One of the biggest problems to tackle when writing a novel is keeping places and times consistent and believable, especially if you have set it on Earth at present day. There are several things to consider, and I’ll name just a few:
- places where things happen should be real (or realistic)
- travel times must match actual terrain, urban, and political conditions
- the style and feeling of urban landscapes should match what’s really out there.
You might be tempted to ask, why can’t I just make it all up?
Because the reader would know, and your work would sound fake – not just fictional. Not all of your readers know everything about the places you’re describing, but in today’s world everyone knows at least something about most places. You know, the Internet. It certainly is a superficial knowledge, maybe even stereotypical, but we all have it.
Enter Google Maps Engine.
My next novel is set in Geneva, and from the signs on the map you can certainly guess what’s involved. Now, I’ve never been there, but Google Maps and Street View came to my rescue (these are wonderful times).

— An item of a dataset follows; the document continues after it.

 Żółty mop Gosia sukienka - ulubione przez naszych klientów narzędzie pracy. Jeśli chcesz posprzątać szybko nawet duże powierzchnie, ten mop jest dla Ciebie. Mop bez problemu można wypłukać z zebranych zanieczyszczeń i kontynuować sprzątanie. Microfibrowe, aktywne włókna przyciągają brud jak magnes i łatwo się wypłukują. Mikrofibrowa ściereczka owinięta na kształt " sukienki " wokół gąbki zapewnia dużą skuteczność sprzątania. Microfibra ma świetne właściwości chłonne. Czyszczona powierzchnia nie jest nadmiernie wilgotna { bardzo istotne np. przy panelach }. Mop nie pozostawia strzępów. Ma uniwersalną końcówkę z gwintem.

But what can you do with Google Maps Engine?
First of all it’s free, then it’s also very polished, and everything is saved automatically (quite obviously, given that we’re talking about Google).

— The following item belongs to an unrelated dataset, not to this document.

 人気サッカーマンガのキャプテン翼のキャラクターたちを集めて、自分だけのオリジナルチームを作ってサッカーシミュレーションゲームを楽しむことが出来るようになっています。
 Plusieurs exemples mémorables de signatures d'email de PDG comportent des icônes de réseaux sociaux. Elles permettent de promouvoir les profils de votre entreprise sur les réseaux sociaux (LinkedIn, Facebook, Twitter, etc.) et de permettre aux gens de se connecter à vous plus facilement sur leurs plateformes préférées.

- You can add pins on a map, draw lines and get their length, and draw closed polygons to get their perimeter and area. This is very useful because you can plan journeys, pin important places, and check distances to avoid that one of your characters believes to be taking a short stroll downhill, while in truth she’s running a marathon up a mountain and across a closed border.

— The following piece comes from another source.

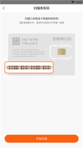 2、进入后点击下方的【开始扫描】,扫描电话卡后面的条纹码激活即可。

- You can set colors and shapes, and GME also supports layers, so you can toggle on and off parts of your scheme when it starts getting a little cramped.
- You can switch between several map modes, most importantly simple map, satellite, and terrain.
Nothing’s perfect, and I miss Street View in GME. Not too bad, you can fall back to regular Google Maps for that. Also, you can’t draw basic geometric shapes like rectangles, circles, and so on. Instead, you must draw connected segments. The result is a little rough but it gets the job done.
I discovered this hidden treasure a bit too late, when the first draft was done already, but just in time to check everything, and find and fix several issues, one of which was rather gross.
What about you? Have you ever used this or other tools to get the geography right in your fiction?